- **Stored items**
--- START ---

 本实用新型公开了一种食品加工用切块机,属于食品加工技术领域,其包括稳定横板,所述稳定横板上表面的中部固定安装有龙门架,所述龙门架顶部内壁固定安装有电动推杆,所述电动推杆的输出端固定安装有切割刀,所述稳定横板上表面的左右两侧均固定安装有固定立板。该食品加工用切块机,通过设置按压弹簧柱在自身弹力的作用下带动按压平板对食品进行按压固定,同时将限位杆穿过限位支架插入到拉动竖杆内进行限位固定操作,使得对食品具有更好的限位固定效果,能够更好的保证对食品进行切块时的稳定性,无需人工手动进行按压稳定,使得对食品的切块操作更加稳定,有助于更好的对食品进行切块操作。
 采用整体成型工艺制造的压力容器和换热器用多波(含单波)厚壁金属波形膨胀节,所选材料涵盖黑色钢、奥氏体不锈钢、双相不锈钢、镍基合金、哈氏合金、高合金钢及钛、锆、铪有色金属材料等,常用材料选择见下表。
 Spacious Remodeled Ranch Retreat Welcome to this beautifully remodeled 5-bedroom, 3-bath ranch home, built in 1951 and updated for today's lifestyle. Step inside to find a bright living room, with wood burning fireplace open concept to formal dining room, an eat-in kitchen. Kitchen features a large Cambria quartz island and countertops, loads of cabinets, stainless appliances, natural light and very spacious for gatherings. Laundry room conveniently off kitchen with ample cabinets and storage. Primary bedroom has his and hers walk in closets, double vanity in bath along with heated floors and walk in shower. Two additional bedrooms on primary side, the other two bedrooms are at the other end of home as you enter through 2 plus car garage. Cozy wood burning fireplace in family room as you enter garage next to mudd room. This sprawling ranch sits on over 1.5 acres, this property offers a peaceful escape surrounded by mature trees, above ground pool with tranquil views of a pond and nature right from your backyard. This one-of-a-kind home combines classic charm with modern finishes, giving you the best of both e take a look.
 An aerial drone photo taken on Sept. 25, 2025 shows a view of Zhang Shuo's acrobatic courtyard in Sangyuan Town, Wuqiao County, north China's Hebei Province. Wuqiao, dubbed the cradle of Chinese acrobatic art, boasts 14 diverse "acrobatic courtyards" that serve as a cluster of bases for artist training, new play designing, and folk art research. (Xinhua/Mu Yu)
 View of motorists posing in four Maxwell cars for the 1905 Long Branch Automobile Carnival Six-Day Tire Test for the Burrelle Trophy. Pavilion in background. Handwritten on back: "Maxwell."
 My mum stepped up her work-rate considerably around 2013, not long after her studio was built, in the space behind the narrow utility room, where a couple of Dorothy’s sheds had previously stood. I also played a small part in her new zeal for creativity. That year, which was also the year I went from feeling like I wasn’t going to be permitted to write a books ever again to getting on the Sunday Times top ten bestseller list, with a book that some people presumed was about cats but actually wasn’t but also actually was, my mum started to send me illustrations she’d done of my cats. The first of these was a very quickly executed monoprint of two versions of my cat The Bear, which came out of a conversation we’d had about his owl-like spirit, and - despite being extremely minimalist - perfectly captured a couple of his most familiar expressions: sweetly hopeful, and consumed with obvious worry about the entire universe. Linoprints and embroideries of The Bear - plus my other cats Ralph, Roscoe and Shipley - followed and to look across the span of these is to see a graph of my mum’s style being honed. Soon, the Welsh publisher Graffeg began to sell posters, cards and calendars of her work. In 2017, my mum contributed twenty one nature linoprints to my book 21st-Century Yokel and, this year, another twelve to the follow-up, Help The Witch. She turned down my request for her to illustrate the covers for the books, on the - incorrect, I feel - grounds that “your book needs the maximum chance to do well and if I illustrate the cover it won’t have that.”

--- END ---

- **Exercise brief**
Out of the data above, set down the lines from the one with "An aerial drone" to the one with "View of motorists", both included, exactly as written and with no additions.

- **Task solution**
 An aerial drone photo taken on Sept. 25, 2025 shows a view of Zhang Shuo's acrobatic courtyard in Sangyuan Town, Wuqiao County, north China's Hebei Province. Wuqiao, dubbed the cradle of Chinese acrobatic art, boasts 14 diverse "acrobatic courtyards" that serve as a cluster of bases for artist training, new play designing, and folk art research. (Xinhua/Mu Yu)
 View of motorists posing in four Maxwell cars for the 1905 Long Branch Automobile Carnival Six-Day Tire Test for the Burrelle Trophy. Pavilion in background. Handwritten on back: "Maxwell."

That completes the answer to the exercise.